Electrochemical Collisions of Individual Graphene Oxide Sheets: An Analytical and Fundamental Study

Abstract

We propose an analytical method based on electrochemical collisions to detect individual graphene oxide (GO) sheets in an aqueous suspension. The collision rate is found to exhibit a complex dependence on redox mediator and supporting electrolyte concentrations. The analysis of multiple collision events in conjunction with numerical simulations allows quantitative information to be extracted, such as the molar concentration of GO sheets in suspension and an estimate of the size of individual sheets. We also evidence by numerical simulation the existence of edge effects on a 2D blocking object.

Collision course: The electrochemical signature from individual graphene oxide sheets colliding on an ultra‐microelectrode is analyzed quantitatively as a function of particle size, charge, and salt concentration.

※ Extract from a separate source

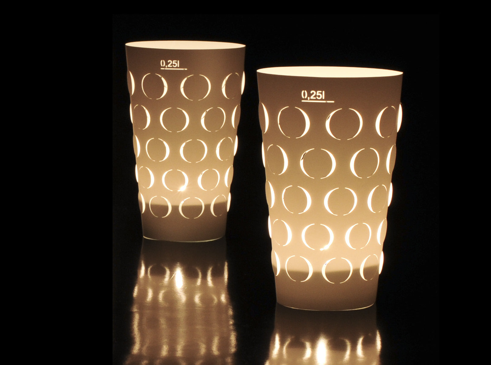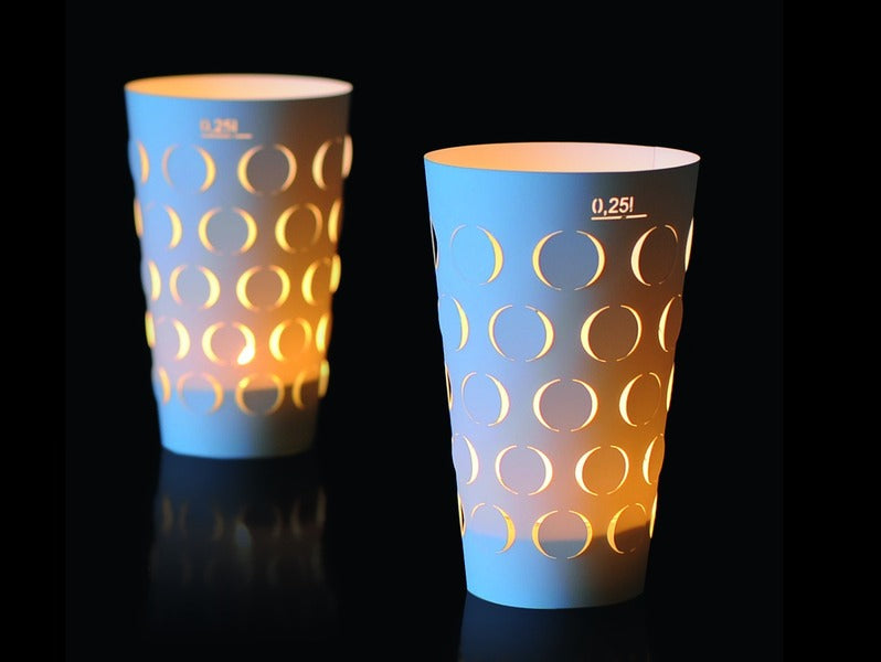 Als Teelichthalter kann ein handelsübliches Teelichtglas oder ein 0,5L oder ein 0,25L Dubbeglas verwendet werden.

Graphene oxide (GO) is a two‐dimensional material, atomically thin but with lateral dimensions up to several hundred microns. The electronic, mechanical and chemical properties of this material have attracted considerable interest, not least for the fabrication of sensors.1 Traditional ways of preparing GO suspensions such as Hummer's method can produce material with high polydispersity in size, degree of oxidation, number of defects and, hence, conduction.2 This disparity leads to difficulties in obtaining consistent devices or understanding the properties of GO‐based materials. Techniques to simultaneously probe in‐situ several physicochemical properties of a GO suspension are thus desirable. Yang and coworkers measured by electrochemistry the iron content of individual reduced GO sheets modified with microperoxidase‐11 and hence deduced their degree of functionalization.3 More recently, Compton and coworkers used nano‐impact electrochemistry to probe the electro‐catalytic activity of single GO sheets decorated with Pd nanoparticles. Hence, they determined that only a fraction of the Pd nanoparticles are active upon collision of a GO on a carbon microelectrode.4 Here, we explore the analytical capabilities and limits of a different electrochemical detection scheme based on current blocking.5 The principle is illustrated in Figure 1A. A redox reporter (O/R) initially dissolved in solution is oxidized/reduced at an ultra‐microelectrode (UME) to produce a steady‐state faradaic current. When an insulating object masks a portion of the UME and blocks the electrochemical reaction, the steady‐state current decreases by a small fraction. In this communication we used the blocking strategy to detect insulating GO sheets.

Figure 1.

A) Principle of the electrochemical blocking method. The letters R and O correspond to the species FcMeOH and FcMeOH⁺, respectively. B) i‐t curves recorded with a 10 μm diameter gold UME in a 1 mM FcMeOH, 100 μM KNO₃ aqueous solution in the absence (black curve) and presence (red curve) of 0.2 μg/mL of GO. The UME is biased at 0.3 V vs Ag/AgCl.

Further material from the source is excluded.